4.2.2 Bahan dan Alat

Iradiasi sinar gamma menghasilkan 144 tanaman yang telah diiradiasi, tetapi terpilih 27 individu mutan putatif yang memiliki morfologi seperti tinggi tanaman, panjang daun, lebar daun, jumlah daun, jumlah ruas hampir sama dengan varietas asalnya.
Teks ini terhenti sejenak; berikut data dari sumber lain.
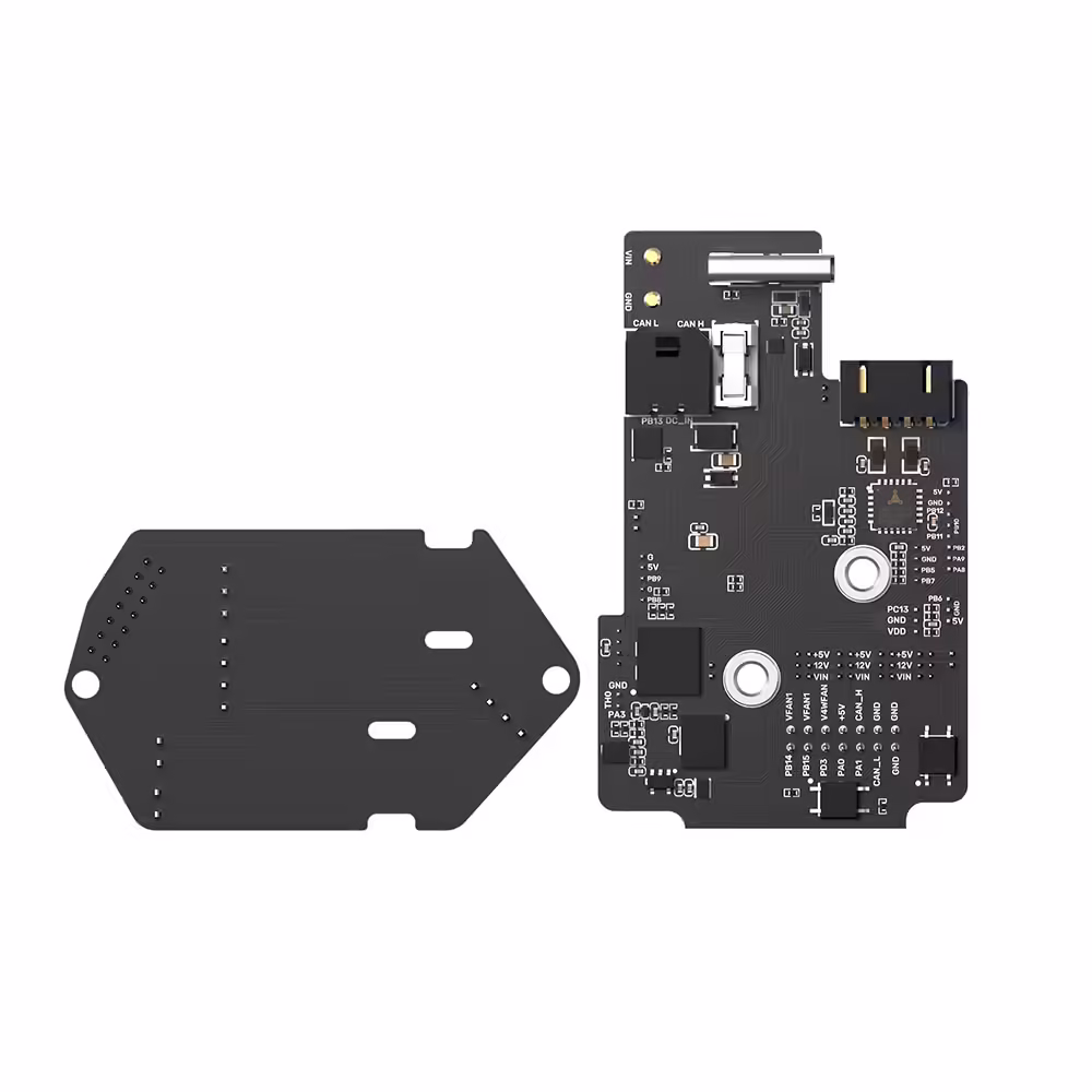 Sercem modułu jest wydajny mikrokontroler STM32G0B1CBT6 o częstotliwości 64 MHz, który zapewnia niezawodną komunikację i szybkie przetwarzanie danych. Wbudowany sterownik TMC2209 umożliwia precyzyjne sterowanie silnikiem krokowym, co przekłada się na wysoką jakość wydruków oraz cichą i płynną pracę. Moduł obsługuje czujniki temperatury PT100 i PT1000, co pozwala na dokładne monitorowanie temperatury głowicy drukującej. Dodatkowo, płyta została wyposażona w dwa 2-pinowe oraz jedno 4-pinowe złącze dla wentylatorów, z możliwością wyboru napięcia zasilania 5V, 12V lub 24V, co zapewnia elastyczność w doborze akcesoriów chłodzących.

Bahan tanam yang digunakan untuk analisis karakter morfologi dan penanda SSR yaitu daun tanaman lada varietas Ciinten hasil iradiasi sinar gamma sebanyak 27 individu dan satu varietas Ciinten sebagai kontrol Tabel 4.1. Bahan kimia untuk analisis molekuler yaitu mekraptoetanol, PVPP polyvinyl polypyrrolidone, CTAB, akuades steril, CIAA Chloroform isoamyl alcohol, alkohol absolut, isopropanol, etanol 70, natrium asetat, agarose, air bebas ion, parafilm, buffer TAE, loading dye, primer SSR. Peralatan yang digunakan untuk analisis karakter morfologi yaitu penggaris, pensil, jangka sorong, cawan petri, kamera. Peralatan untuk analisis SSR berupa mesin PCR Polymerase Chain Reaction Eppendorf, BIORAD elektroforesis, UV transluminator, Griffin Student waterbath, HIMAC sentrifuge CR15T, freezer Sanyo, neraca analitik Sartorius AC2115T 4 desimal, Oven Memmert, Vortex thermolyne maxi mix II type 37600 mixer, stirrer thermolyne naova II, pH meter Thermo Orion 420A+, pipet mikro eppendorf Axygen ukuran 0.5 l, 20 l, 100 l, 1000 l, pipet mohr 1 ml, 5ml, 10 ml, tabung eppendorf, pipet tetes, Erlenmeyer, gelas piala, spatula, gunting, scapel, mortar dan microtube 1.5 ml dan 2 ml.